How to File for Chapter 7 Bankruptcy
The process going forward will then depend on whether you filed for chapter 7, or chapter 13. If you filed for chapter 7, then you are most likely only going to have to go to one meeting to meet with your case trustee. This meeting is to discuss the information that you submitted during your initial bankruptcy filing, and to allow for the asking of questions and the venting of concerns. It will then be up to you to handle any disputes that you may have with a creditor that has filed a claim against you, or if you want to eliminate any particular liens before your bankruptcy case is closed.

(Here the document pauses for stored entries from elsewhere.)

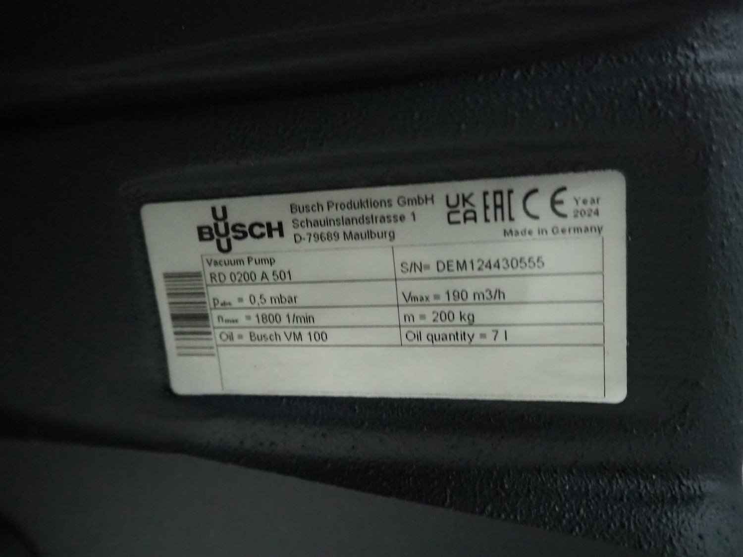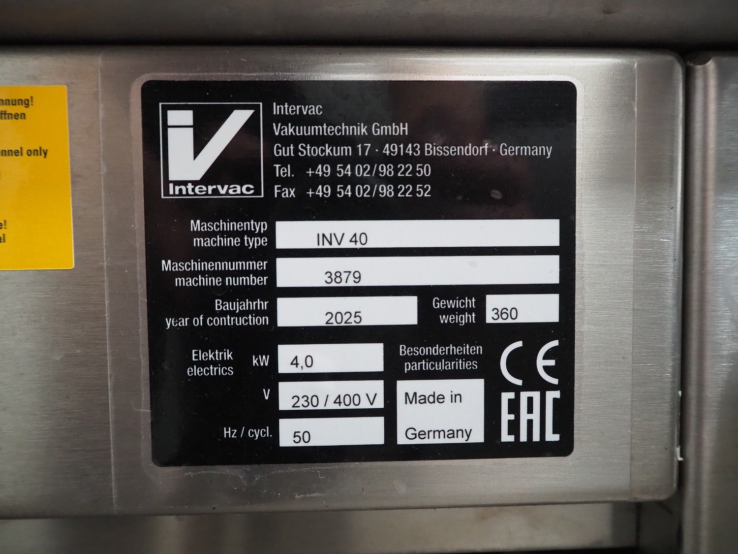 Intervac Vakuumtechnik GmbH mobile vacuum machine, machine type: INV 40, machine number: 3879, year of construction: 2025, 230 / 400 V, 50 Hz, 4.0 kW, weight: 360 kg, seal length: 840 mm / 640 mm, Busch vacuum pump, model: RD 0200 A 501, year of construction: 2024, capacity: 190 m³ per hour, total dimensions: 1000 mm x 1100 mm x 1250 mm.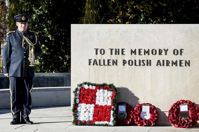 Po przywitaniu na lotnisku Northolt obie panie premier wspólnie złożyły wieńce pod Pomnikiem Lotników Polskich, który upamiętnia Polaków walczących w Polskich Siłach Powietrznych w Wielkiej Brytanii, m.in. lotników Dywizjonu 303.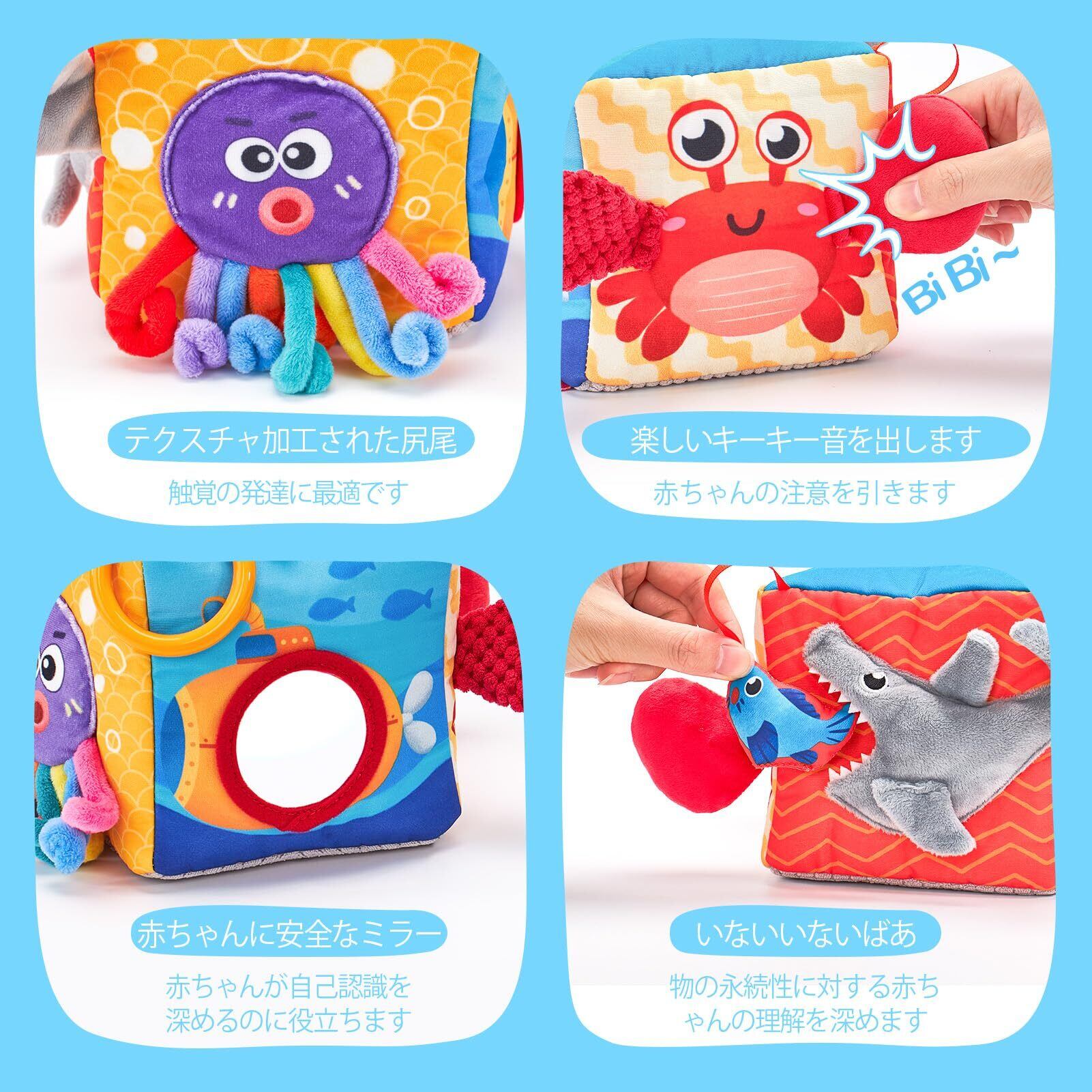 【安全テスト合格!ASTM CE認証取得済みで、安全で安心!】私たちは、赤ちゃんにとって安全が重要であることを理解しています。そのため、当社のおもちゃはすべての規制基準に従って安全性試験を受けています。赤ちゃんに優しい素材で作られており、窒息の危険となる小さな部品は含まれていません。お子様がきっと気に入る、安全で魅力的なおもちゃです。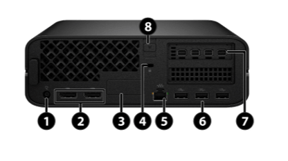 | 1. | Power connector | 2. | 2 DisplayPort™ 1.4 |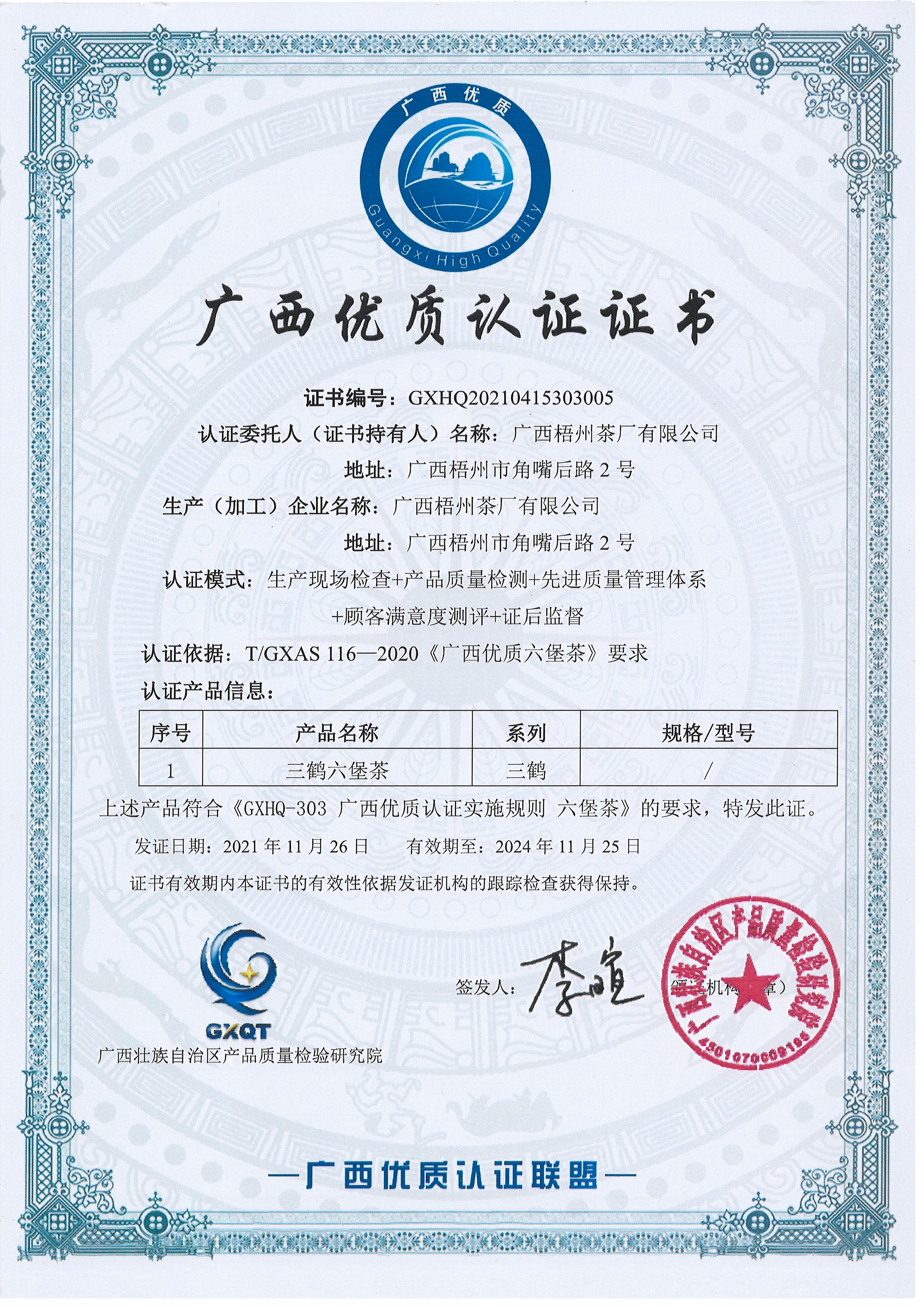 廣西梧州茶廠有限公司獲得廣西優(yōu)質(zhì)認(rèn)證證書

You’ll also have to follow-through on the way you stated how you are going to handle any secured debts that you may have, as you stated this within one of the forms that you provided during your initial filing. That should essentially be all that is required on your end, and eventually the court should issue you an order that will state that your dischargeable debts have been officially discharged. Once this happens you will no longer have the legal obligation to make any back, or future payments on such debts, and your creditors will no longer have the legal rights to demand such payments.
How to File for Chapter 13 Bankruptcy
There are a few differences when compared to a chapter 7 filing that you’ll have to take note of if you’re filing for chapter 13. When you first file the appropriate forms with the court that presides over the area that you live in you are also going to have to draft, and submit a payment plan that reveals exactly how you plan to pay back some, or all of your debt. You will then have to attend a meeting that will involve you, your case trustee, and perhaps your creditors. During this meeting your case trustee will go over your paperwork, and your creditors will be allowed to go over your repayment plan and perhaps negotiate with you.
You will then have to attend a confirmation hearing where the judge will rule on whether or not to confirm your plan, and during this hearing any creditors may attend to raise objections, as the judge will rule on these as well. You will then have to begin making payments according to the payment plan that the judge confirmed within thirty days of the hearing. You may have to return to court if there were any details that were not ironed out, or if there was some kind of issue with your case. That is pretty-much it, as you will then have to keep on following your repayment plan according to the appropriate settled upon terms, and upon its completion the court should issue you a discharge order that should eliminate the remainder of your dischargeable debt.
Declaring Personal Bankruptcy Conclusion

You should now be free of your unsecured debt, and by knowing how to declare bankruptcy you have most likely given yourself a fresh financial start that will allow you the necessary freedom to live your life how you want to. Remember that you should always do as much research as you can on your own in combination with the assistance from a qualified bankruptcy attorney if you want to achieve the appropriate end goals that will allow you to get the most out of your bankruptcy filing. Declaring bankruptcy isn’t extraordinarily complex and difficult, but it isn’t the simplest of tasks either, and by taking the time out to learn how to go about it properly you have hopefully ensured that you have maximized your debt relief potential, and in the end this will hopefully give rise to the outcomes that will benefit you the most.